Items listed in a dataset

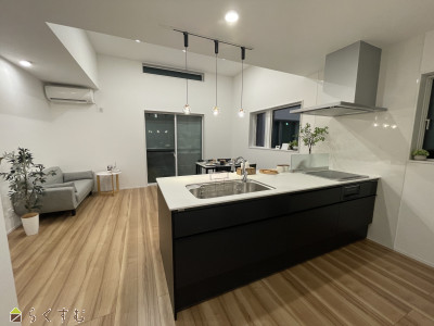 | 設備 | 日当り良好、スーパー近く、フラット35S適合、新築時図面あり、BELS/省エネ基準適合認定建物、建物確認・完了検査済証あり、全室フローリング、駐車3台以上可能、TVインターホン、複層ガラス、デインプルキー、システムキッチン、カウンターキッチン、IHクッキングヒーター、3口コンロ、追いだき機能付き、バス1坪以上、温水洗浄便座、シャワー付き洗面台、エアコンあり、24時間換気システム、オール電化、省エネ給湯機、上水道、下水道、バリアフリー、ウォークインクローゼット、全居室収納あり、シューズBOX、シューズインクローゼット、即引き渡し可能 | ||
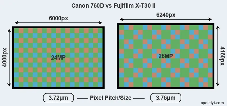 | Sensor Specs | Canon 760D | Fujifilm X-T30 II |
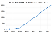 Das 2004 gegründete[6] Netzwerk zählte nach eigenen Angaben im 1. Quartal 2022 rund 2,9 Milliarden Mitglieder, welche die Seite zumindest einmal pro Monat besuchten.[7] Laut Alexa liegt Facebook im 4. Quartal 2020 weltweit auf Rang 8 (2016: 3, 2019: 4, 2020: 7) sowie deutschlandweit auf Rang 20 (2016: 6, 2019: 7, 2020: 15) der meistbesuchten Websites. Noch im Mai 2017 verzeichnete es nach anderen Statistiken in Deutschland 30 Millionen aktive Nutzer,[8] diese Zahl sank bis Ende 2019 aber auf 25,9 Millionen.[9]
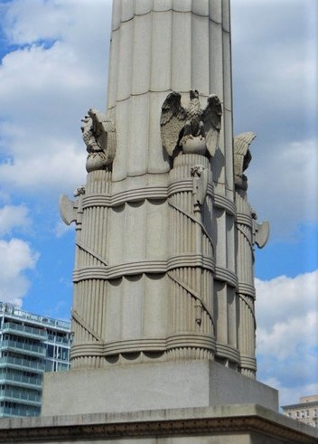 b) Rutenbündel mit Beil, den höchsten Magistraten im alten Rom als Symbol der Strafgewalt von den Liktoren bei einem alljährlichen Umzug vorangetragen. Das Beil wurde innerhalb der Stadtgrenzen von Rom dann nicht mitgeführt, weil die Bürger nicht mit der Todesstrafe bedroht werden konnten, nur die grosse Masse aller anderen.
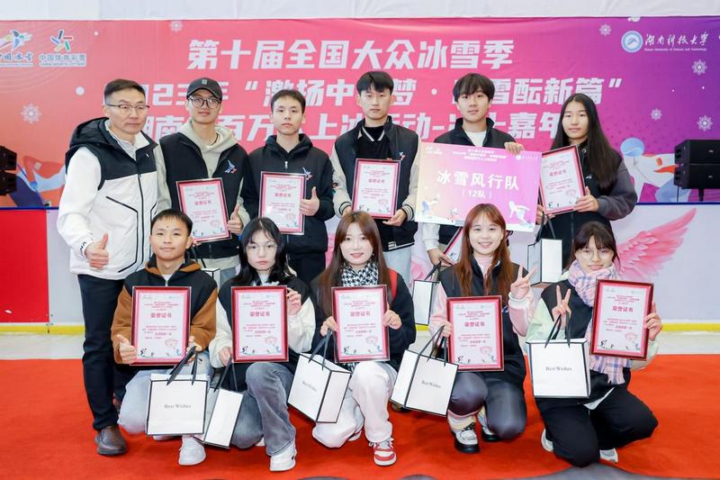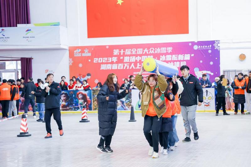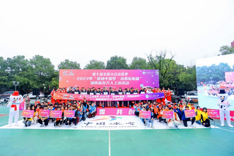 12月14日上午,第十届全国大众冰雪季暨2023年“激扬中国梦·冰雪酝新篇”湖南省百万人上冰活动在湖南科技大学举行,3000余位市民朋友和校内师生们欢聚一堂,共同享受冰上运动带来的乐趣。

- _EXERCISE OBJECTIVE_: Could the data above be returned in full, exactly, with every image left out?

- _EXERCISE RESULT_:
 | 設備 | 日当り良好、スーパー近く、フラット35S適合、新築時図面あり、BELS/省エネ基準適合認定建物、建物確認・完了検査済証あり、全室フローリング、駐車3台以上可能、TVインターホン、複層ガラス、デインプルキー、システムキッチン、カウンターキッチン、IHクッキングヒーター、3口コンロ、追いだき機能付き、バス1坪以上、温水洗浄便座、シャワー付き洗面台、エアコンあり、24時間換気システム、オール電化、省エネ給湯機、上水道、下水道、バリアフリー、ウォークインクローゼット、全居室収納あり、シューズBOX、シューズインクローゼット、即引き渡し可能 | ||
 | Sensor Specs | Canon 760D | Fujifilm X-T30 II |
 Das 2004 gegründete[6] Netzwerk zählte nach eigenen Angaben im 1. Quartal 2022 rund 2,9 Milliarden Mitglieder, welche die Seite zumindest einmal pro Monat besuchten.[7] Laut Alexa liegt Facebook im 4. Quartal 2020 weltweit auf Rang 8 (2016: 3, 2019: 4, 2020: 7) sowie deutschlandweit auf Rang 20 (2016: 6, 2019: 7, 2020: 15) der meistbesuchten Websites. Noch im Mai 2017 verzeichnete es nach anderen Statistiken in Deutschland 30 Millionen aktive Nutzer,[8] diese Zahl sank bis Ende 2019 aber auf 25,9 Millionen.[9]
 b) Rutenbündel mit Beil, den höchsten Magistraten im alten Rom als Symbol der Strafgewalt von den Liktoren bei einem alljährlichen Umzug vorangetragen. Das Beil wurde innerhalb der Stadtgrenzen von Rom dann nicht mitgeführt, weil die Bürger nicht mit der Todesstrafe bedroht werden konnten, nur die grosse Masse aller anderen.
 12月14日上午,第十届全国大众冰雪季暨2023年“激扬中国梦·冰雪酝新篇”湖南省百万人上冰活动在湖南科技大学举行,3000余位市民朋友和校内师生们欢聚一堂,共同享受冰上运动带来的乐趣。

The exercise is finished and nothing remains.